Dans ce troisième roman aux accents fantastiques, Vincent Brault compose une tragédie amoureuse à la sensualité vive. Montréalais passionné par le Japon, Vincent, double de l’auteur, traque à Tokyo le fantôme de Suzuko. Une artiste-taxidermiste dont les masques animaliers deviennent une seconde peau, jusqu’à l’emporter avec eux dans l’au-delà. Singulier, ludique et tendre, un conte pour adultes au charme irrésistible. Table ronde et conférence-lecture samedi 22 février à 11h et 16h
Revue
Divers, L’Epître vol. XI, ed. PLF, 170 p.
Depuis 2013, la revue L’Epître, très active sur la toile, offre un tremplin annuel aux nouvelles voix de la scène littéraire suisse. Au fil de ces onze inédits de styles et de formes très divers, l’intime, le voyage et la douleur irriguent les narrations de ces jeunes écritures. Mentions spéciales aux mystères alpins d’Ami Lou Parsons (La forme du monde), au cycle poétique délicat d’Isabelle Descartes (Dix bouches cousues) et aux violences familiales de Théodore Bérut (La blessure). Le vernissage a eu lieu jeudi dans le cadre de Textures
Roman
Alice Bottarelli, Stéphanie Cadoret et Marilou Rytz, Voyage du Nautiscaphe et de sa cheminée dans la fosse des Nouvelles-Hébride, ed. Presses Inverses, 232 p.

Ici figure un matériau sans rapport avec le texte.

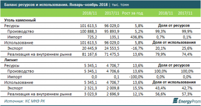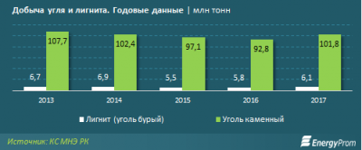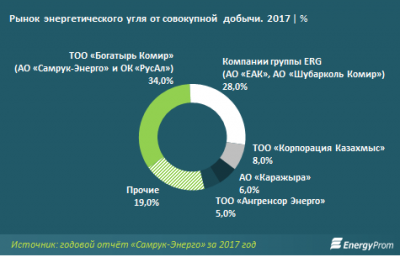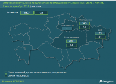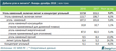От общего объема добычи угля и угольного концентрата на лигнит пришлось всего 5,5% (6,4 млн тонн), на каменный уголь — сразу 91,1% (107,3 млн тонн). При этом основную долю каменного угля — 81% — составил энергетический уголь (87 млн тонн), и лишь 10% — коксующийся (10,8 млн тонн). По оценкам АО «Самрук-Энерго», главный добытчик энергетического угля — «Богатырь Комир».

Nouvel exemple de la vitalité des projets collaboratifs en Suisse romande, Le Voyage du Nautiscaphe explore, sur le mode du pastiche admiratif, l’art du roman d’aventure popularisé par Jules Verne. A trois plumes, partageant écriture et illustrations, Alice Bottarelli, Marilou Rytz et Stéphanie Cadoret composent un récit savoureux, entrelaçant les carnets de bord de trois protagonistes participant à une exploration scientifique à la lisière du fantastique. Performance de Marilou Rytz samedi 22 février à 14h
Invité vedette de la troisième édition de Carouge fête la BD, Frederik Peeters y expose ses créatures et ses portraits insolites jusqu'au 30 mars. Auteur connu de la scène suisse et internationale, le bédéiste genevois maîtrise science-fiction, polar, western, fantastique et récits intimes.
RTS Première, Quartier Livre, dimanche 23 février à 16h
Fondées en 2021 sur les cendres du Salon du livre romand, les rencontres littéraires Textures accueillent cette semaine Quartier Livre en public au cœur du festival, à l’Arsen’alt de Fribourg, en compagnie de l'écrivain québécois Sébastien Dulude, de l’autrice broyarde Marilou Rytz et de Matthieu Corpataux, directeur de Textures.
Genève, Maison Rousseau et Littérature, dimanche 2 mars, 14h
La MRL propose chaque mois des visites guidées gratuites du Parcours Rousseau, au cœur de la Maison Rousseau et Littérature, à l’emplacement même de la maison natale de l’écrivain. A travers sept niches thématiques, un parcours audiovisuel affronte les paradoxes du philosophe comme une invitation à questionner notre présent, qu’il semble anticiper.